BEGIN THE DATA

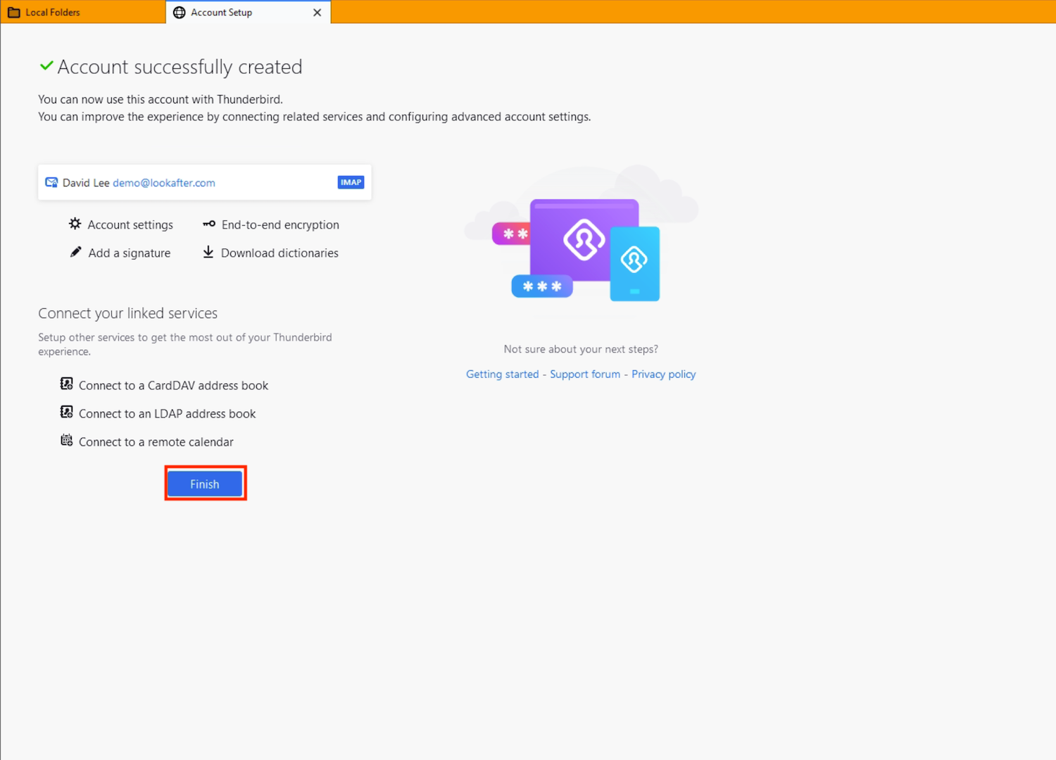5. Your account has been successfully added. Click Finish to exit the setup process.
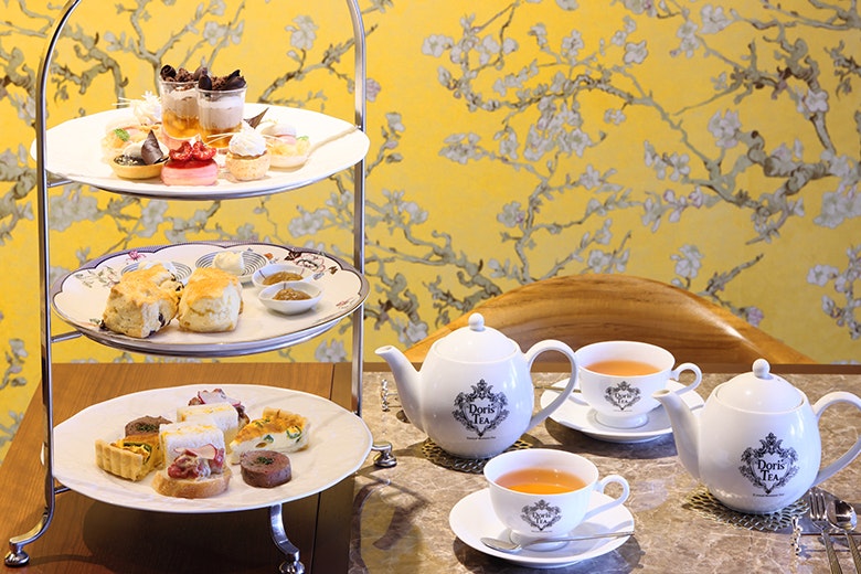 アフタヌーンティーと共にいただくのは、厳選された原料と独自のブレンドにこだわる「Dori's TEA」の紅茶。Dori's TEAは、飲む人の“時を止めるような一杯”をイメージしてつくられた、AIC秋津洲京都オリジナルのティーブランドです。季節に合わせてセレクトされた約11種類を、フリーフロー(おかわり自由)で楽しめます。
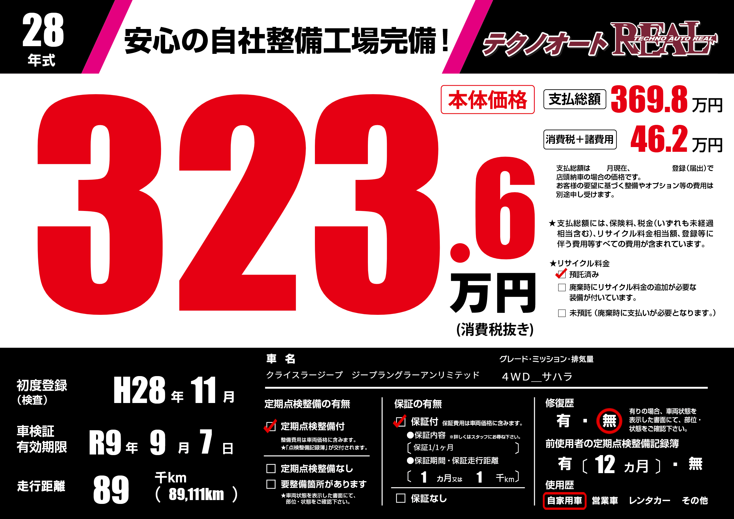 | 車名 | クライスラージープ ジープラングラーアンリミテッド | グレード ミッション 排気量 |

END THE DATA

▶ _TASK TO COMPLETE_
Everything in the listing must be restated word for word, except for the pictures.

▶ _EXERCISE RESULT_
5. Your account has been successfully added. Click Finish to exit the setup process.
 アフタヌーンティーと共にいただくのは、厳選された原料と独自のブレンドにこだわる「Dori's TEA」の紅茶。Dori's TEAは、飲む人の“時を止めるような一杯”をイメージしてつくられた、AIC秋津洲京都オリジナルのティーブランドです。季節に合わせてセレクトされた約11種類を、フリーフロー(おかわり自由)で楽しめます。
 | 車名 | クライスラージープ ジープラングラーアンリミテッド | グレード ミッション 排気量 |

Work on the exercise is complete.